RECORDS FOR THIS EXERCISE:
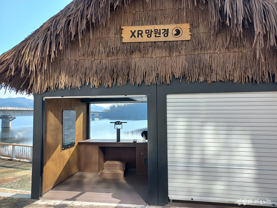 박물관 밖으로 나옵니다. XR 망원경을 통해 진양호를 바라보게 되어 있습니다. XR이라는 단어가 생소해서 찾아보니 eXtended Reality 확장현실을 뜻합니다. 가상현실 VR, 증강현실 AR, 혼합현실 MR을 합친 것입니다. 그런데 망원경이 작동하지 않습니다. 망원경 옆에는 막혀 있고요. 진양호를 바라보면서 청동기시대 살았던 사람들의 흔적을 마음속으로 상상합니다.
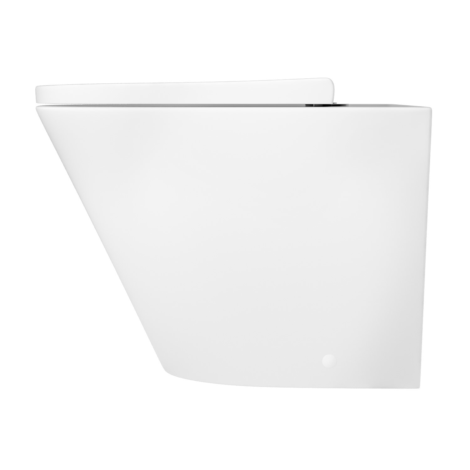 It comes complete with a soft close wrap over seat, so no noise and is safer (no fingers will be trapped), and features a quick-release mechanism for easy use and cleaning. The pan is also flush to the wall with a closed back so it's easier to clean, prevents dust and hides any pipework.
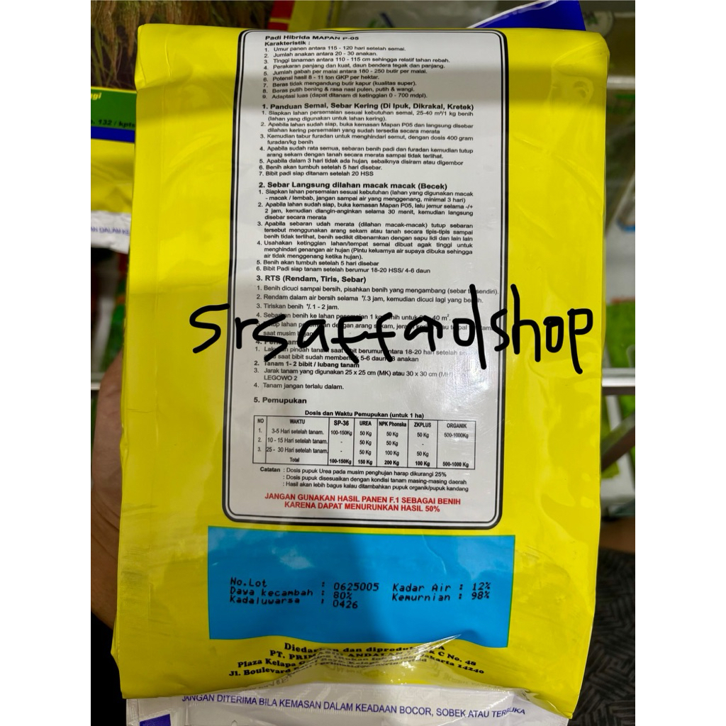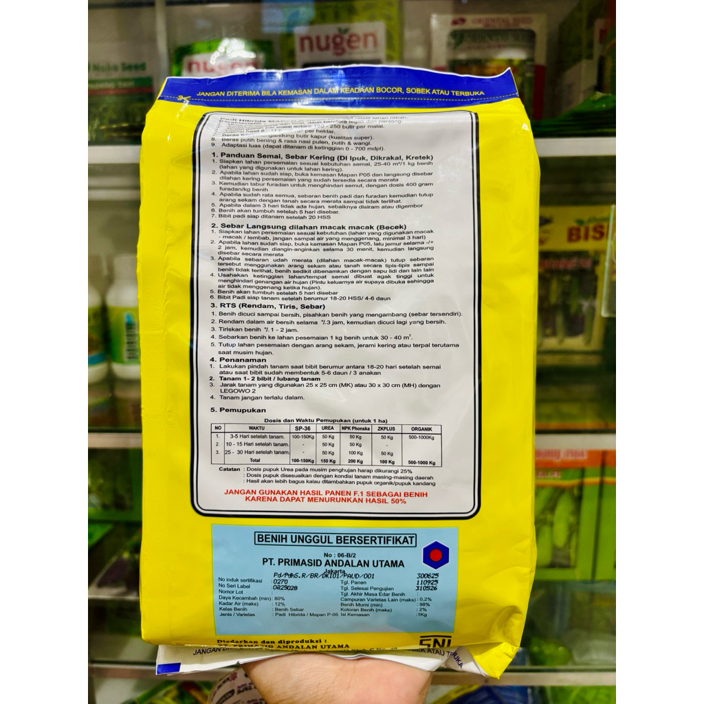 Benih Bibit Padi Hibrida F-1 MAPAN P- 05 PRIMASID 1Kg 100% Original Kemasan Pabrik Exp 2026
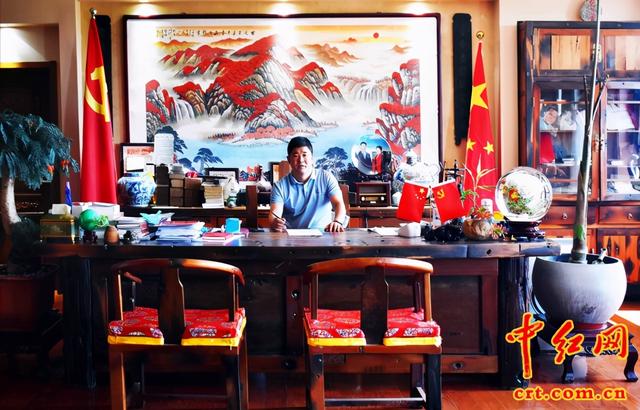 北京周氏时珍堂药业有限公司董事长、北京周氏时珍堂中医药文化博物馆馆长周海利在他的办公室。(中红网金梅摄)
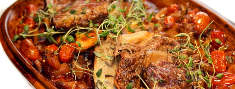 Lammekølle, langtidsstegt med hvidløg, rosmarin og rødvin
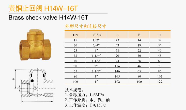 黃銅止回閥H14W-16T技術規(guī)范:
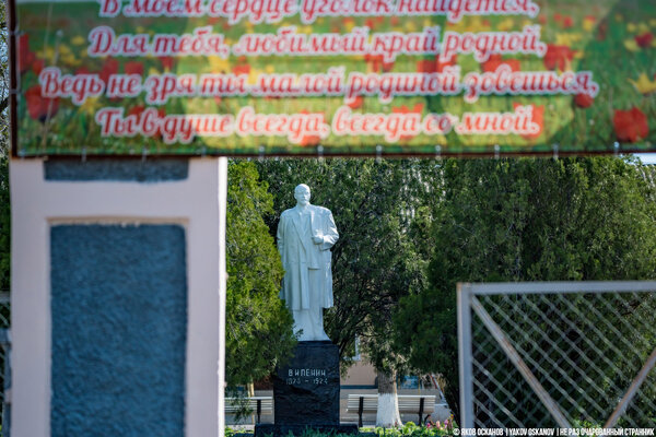 И вот он, Волочаевский! Нас встретили душевные, хоть и потрёпанные временем, стихи о малой родине на стенде. А добродушный взгляд памятника Ленину словно подбадривал: «Не волнуйтесь, ребята, здесь вы точно найдёте, чем подкрепиться».

EXERCISE PROMPT: Restate it all word for word: every record, no pictures.

EXERCISE RESPONSE:
 박물관 밖으로 나옵니다. XR 망원경을 통해 진양호를 바라보게 되어 있습니다. XR이라는 단어가 생소해서 찾아보니 eXtended Reality 확장현실을 뜻합니다. 가상현실 VR, 증강현실 AR, 혼합현실 MR을 합친 것입니다. 그런데 망원경이 작동하지 않습니다. 망원경 옆에는 막혀 있고요. 진양호를 바라보면서 청동기시대 살았던 사람들의 흔적을 마음속으로 상상합니다.
 It comes complete with a soft close wrap over seat, so no noise and is safer (no fingers will be trapped), and features a quick-release mechanism for easy use and cleaning. The pan is also flush to the wall with a closed back so it's easier to clean, prevents dust and hides any pipework.
 Benih Bibit Padi Hibrida F-1 MAPAN P- 05 PRIMASID 1Kg 100% Original Kemasan Pabrik Exp 2026
 北京周氏时珍堂药业有限公司董事长、北京周氏时珍堂中医药文化博物馆馆长周海利在他的办公室。(中红网金梅摄)
 Lammekølle, langtidsstegt med hvidløg, rosmarin og rødvin
 黃銅止回閥H14W-16T技術規(guī)范:
 И вот он, Волочаевский! Нас встретили душевные, хоть и потрёпанные временем, стихи о малой родине на стенде. А добродушный взгляд памятника Ленину словно подбадривал: «Не волнуйтесь, ребята, здесь вы точно найдёте, чем подкрепиться».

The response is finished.